A substantial reduction in red tape can be a powerful legacy. Red tape is the reason ordinary folks are forced to pay grease money. This is also one of the reasons for public perceptions that even under the tuwid na daan, it’s still business as usual at Customs, the Port of Manila, LGUs and other agencies notorious for fixers and “facilitation fees.”
The reforms called for here are procedural. Mere administrative orders will do to simplify systems and requirements in executive offices. Reduce the number of steps, set deadlines for completing each step, and identify the individual in charge of each step, so that responsibility for logjams can be pinpointed, with specified consequences for poor performance.
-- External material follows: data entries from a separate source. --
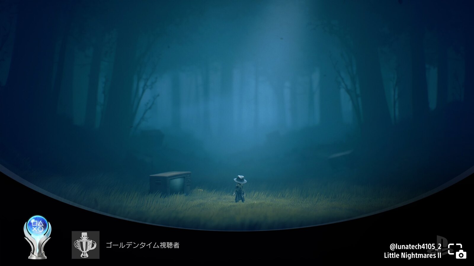 lunatech4105_2 shares Mono in a trench and fedora next to a TV screen in the woods of Little Nightmares 2.
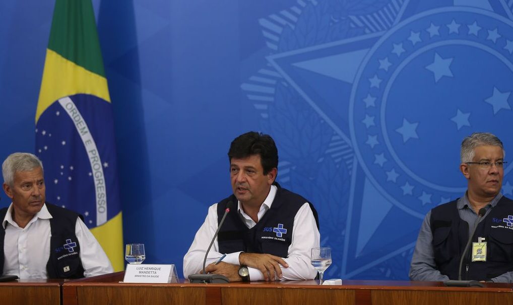 O secretário-executivo do Ministério da Saúde, João Gabbardo dos Reis, o ministro da Saúde, Luiz Henrique Mandetta e o secretário de Vigilância em Saúde, Wanderson Kleber de Oliveira, durante a coletiva de imprensa.
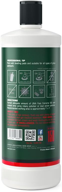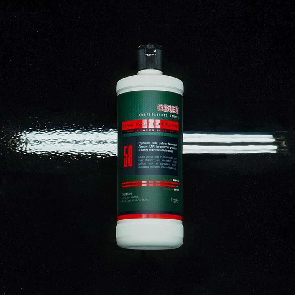 Produces Mirror Shine - OSREN UNA Fast Extreme 58 is formulated to trim off any uneven surfaces that distorts reflection on paint so a flat surface that reflects object and light evenly can be revealed.
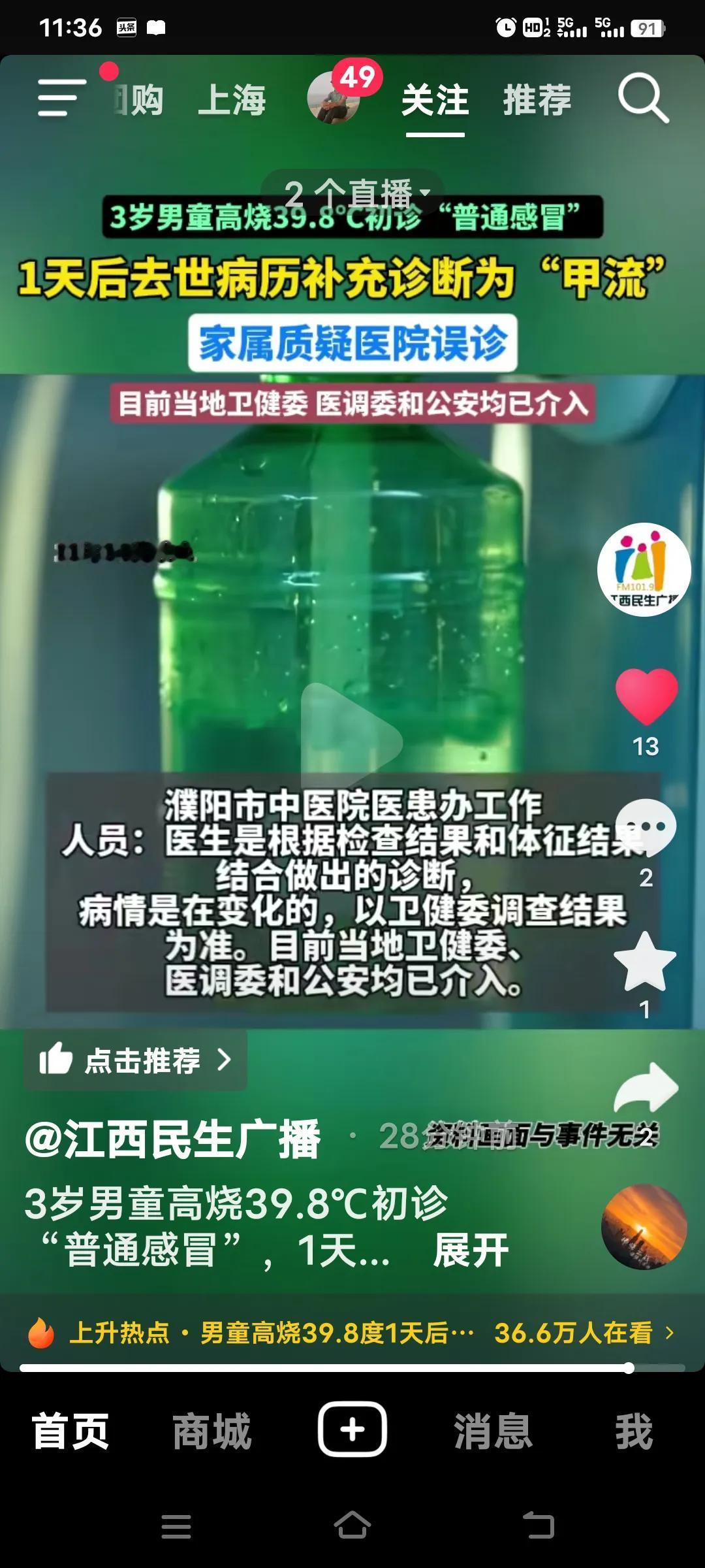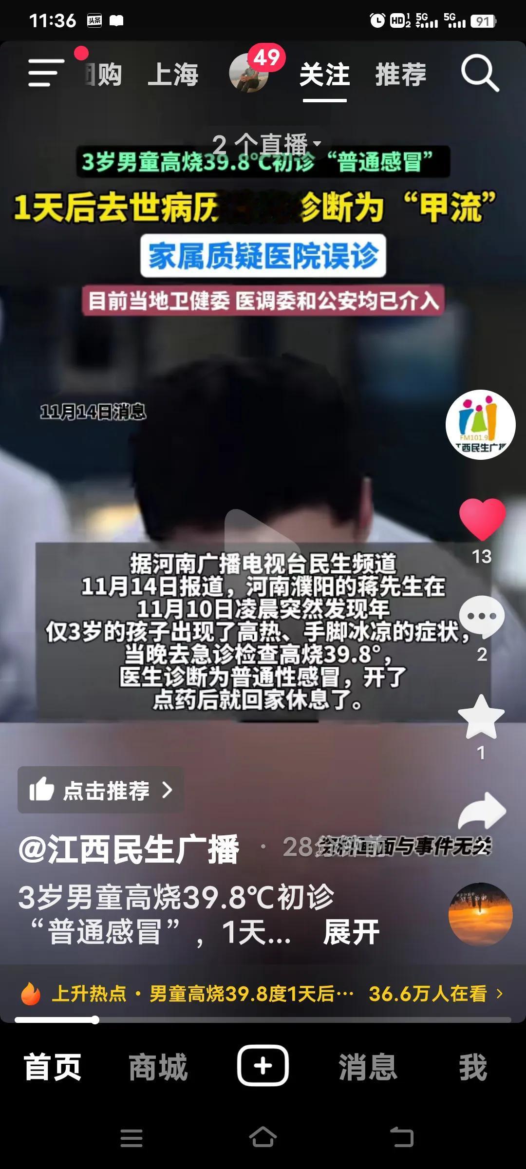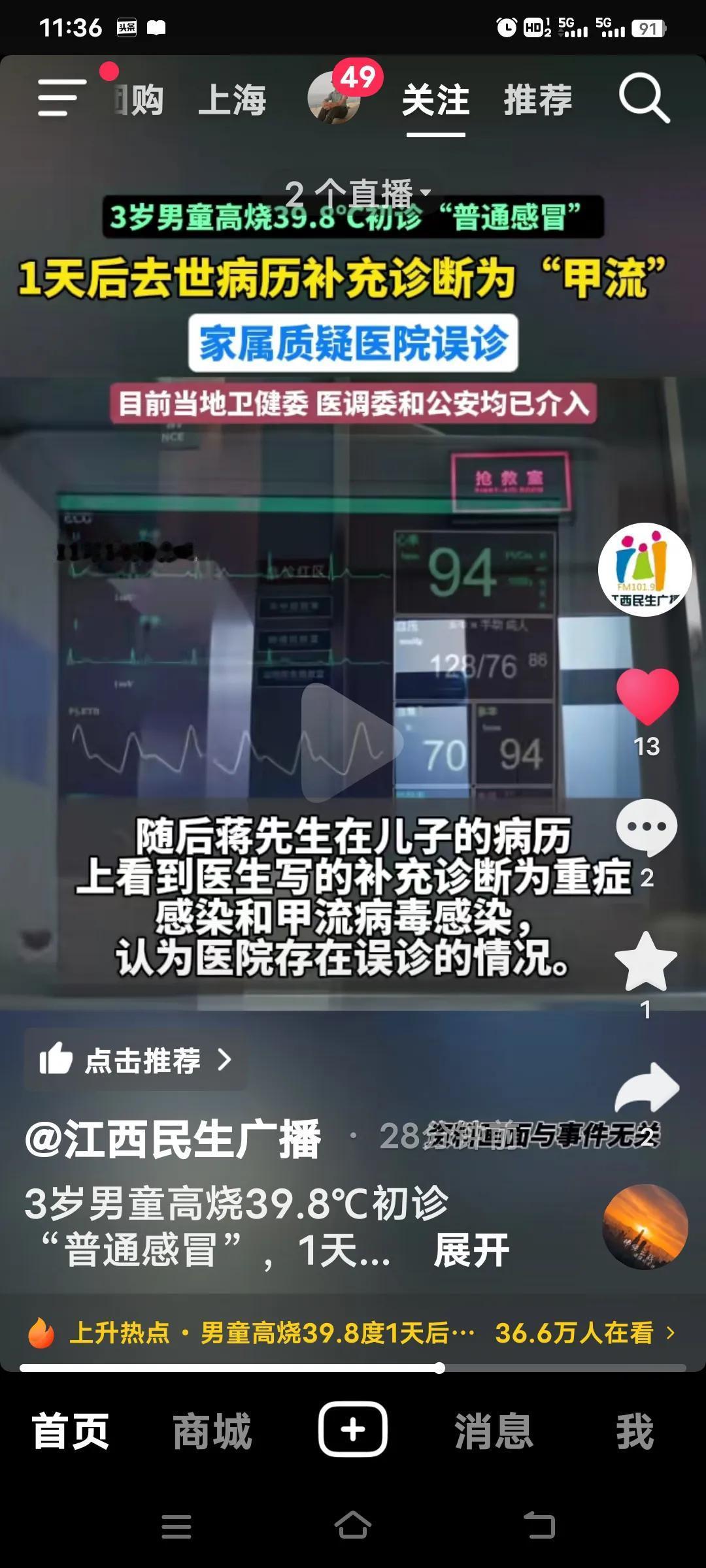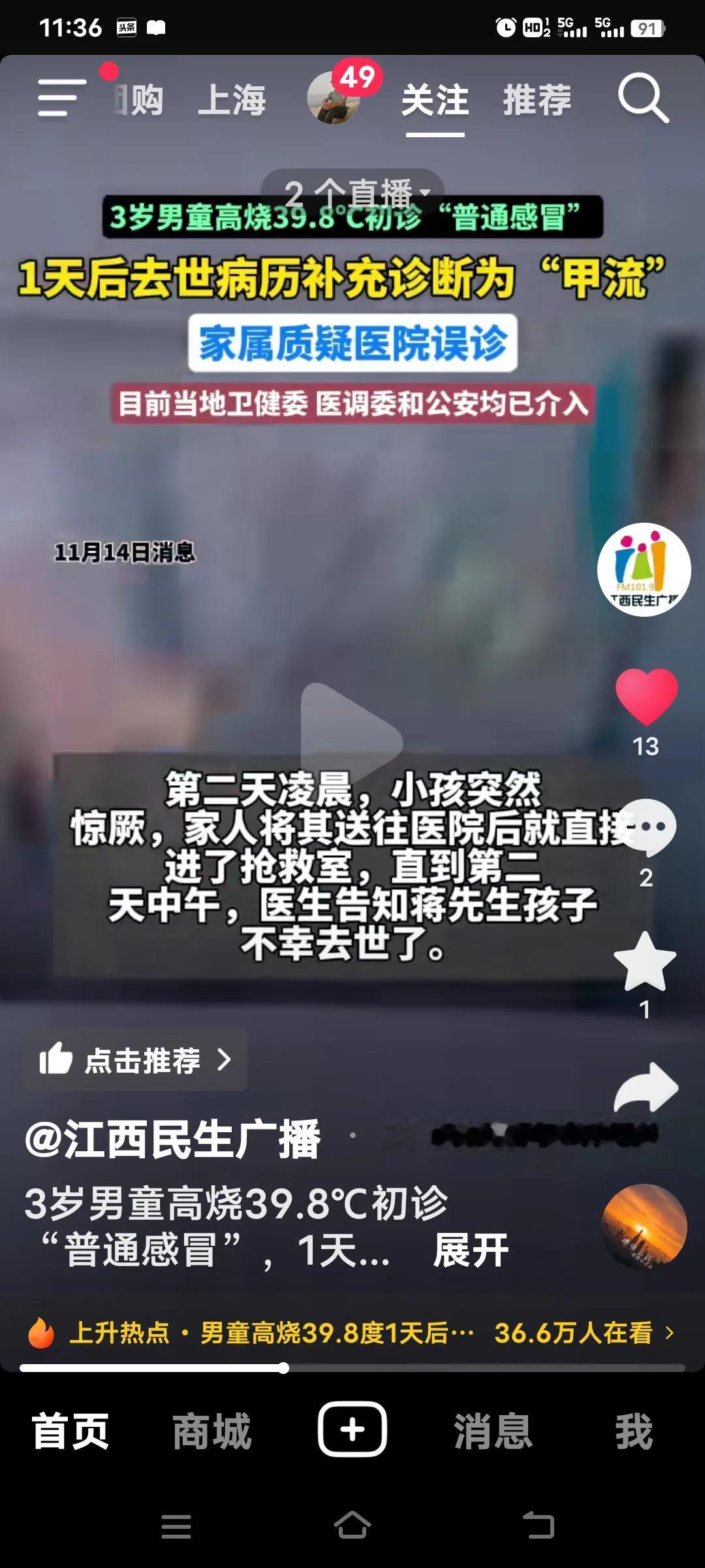 河南医院最近究竟怎么了,坏消息接踵而至!又有一名3岁儿童离世。 11月10日凌晨,河南濮阳的蒋先生发现3岁儿子高烧39.8度,手脚冰凉,赶忙送医治疗。医生诊断为普通感冒,开了药后就回家休息了。次日早上,孩子出现惊厥症状,被紧急送往急诊科。中午,医生告知蒋先生,他的儿子不幸去世。随后,蒋先生在儿子的病历,发现医生补充诊断为重症感染和甲流病毒感染。 蒋先生认为这是误诊,可医院工作人员称病情随时会发生变化。目前,当地卫健委、医调委和公安部门已介入此事。诚然,医院难以保证每一个患者都能治愈,生死有时难以预料,但倘若确实是诊断失误,医院就必须承担相应后果。 只可惜,这个孩子的生命永远定格在了3岁,实在可悲,其家人的悲痛心情可想而知! 宝宝离世 男童意外身亡 孩子去世 新生儿离世

LGUs have their own ordinances covering businesses, the practice of professions, and delivery of public services. But the national government has persuasive ways of pushing reforms in LGUs.
There’s little that P-Noy can do about inefficiency and corruption in the judiciary – another reason for the persistence of corruption. And he’s right – there is judicial overreach that has been unhealthy for this country.
But he can do his part by appointing more magistrates to ease the case backlog – there are still a lot of courtrooms without a judge – and improving the vetting system for his appointments. A seat or promotion in the judiciary cannot depend on connections or membership in a political party or religious group.
With several of his officials and allies implicated in plunder, P-Noy can avoid accusations of hypocrisy and shift the focus of his anti-corruption campaign from individual personalities to institutional weaknesses.
He still has enough time to make a difference. Victory in a close game is decided in the last two minutes.